ACTIVITY:
Leaving the pictures aside, repeat each line below exactly.

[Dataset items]
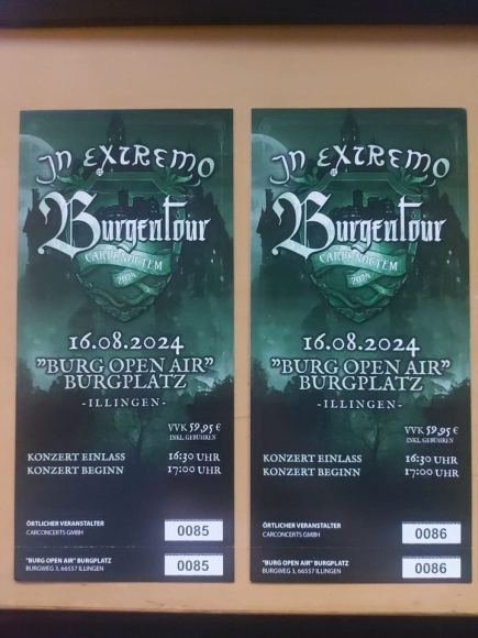 Ich verkaufe zwei Hardcover-Tickets für das IN EXTREMO Konzert am 16.08.2024 in Illingen, Burgplatz im Rahmen der "Burgentour 2024".
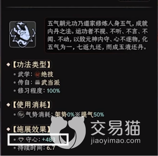 接下来我们介绍下武当派的【五气朝元功】,五气朝元功可以提供大量的守心属性,抵御对方的攻击,开启五气朝元功后,你就可以发现无论术方的普通攻击还是心神伤害,都可以抵御。另外术方本身是比较弱外伤的,拿一把铁剑之类的外伤100%的武器,可以快速打入第二阶段。
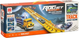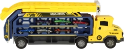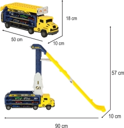 Met een simpele uitklap verandert de vrachtwagen in een tweesporige baan voor spannende autootjesduels – ideaal voor snel en creatief spel.
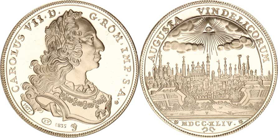 Augsburg - město, Tolar MDCCXLIV (1744) IT, pohled na město / Poprsí cís. Karla VII
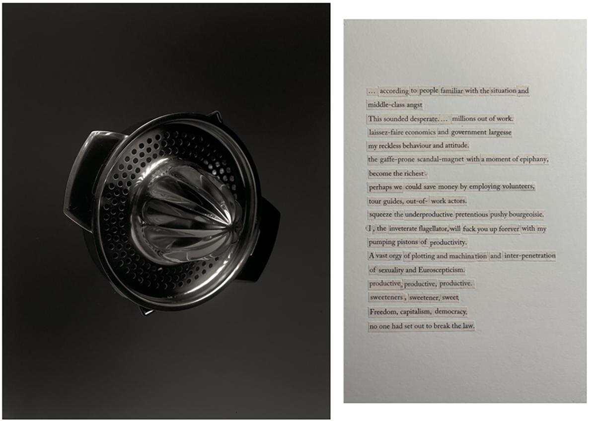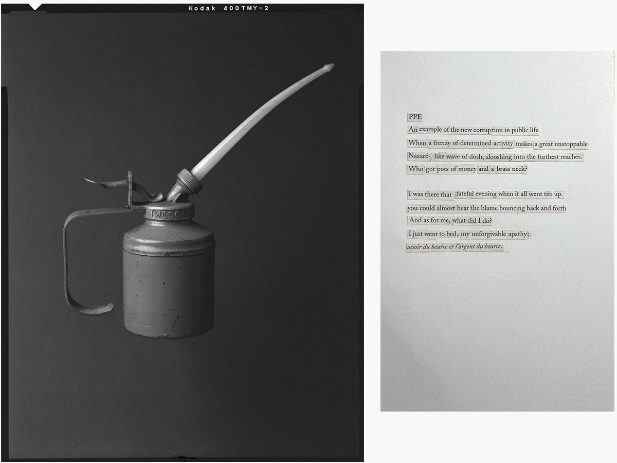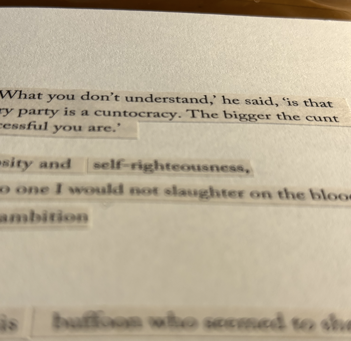 The artist’s view of the rhetoric and deceit in the political world, by re-contextualising memoirs, newspaper and magazine articles, from Brexit and Covid through to the expenses and sex scandals.

TASK OUTPUT:
 Ich verkaufe zwei Hardcover-Tickets für das IN EXTREMO Konzert am 16.08.2024 in Illingen, Burgplatz im Rahmen der "Burgentour 2024".
 接下来我们介绍下武当派的【五气朝元功】,五气朝元功可以提供大量的守心属性,抵御对方的攻击,开启五气朝元功后,你就可以发现无论术方的普通攻击还是心神伤害,都可以抵御。另外术方本身是比较弱外伤的,拿一把铁剑之类的外伤100%的武器,可以快速打入第二阶段。
 Met een simpele uitklap verandert de vrachtwagen in een tweesporige baan voor spannende autootjesduels – ideaal voor snel en creatief spel.
 Augsburg - město, Tolar MDCCXLIV (1744) IT, pohled na město / Poprsí cís. Karla VII
 The artist’s view of the rhetoric and deceit in the political world, by re-contextualising memoirs, newspaper and magazine articles, from Brexit and Covid through to the expenses and sex scandals.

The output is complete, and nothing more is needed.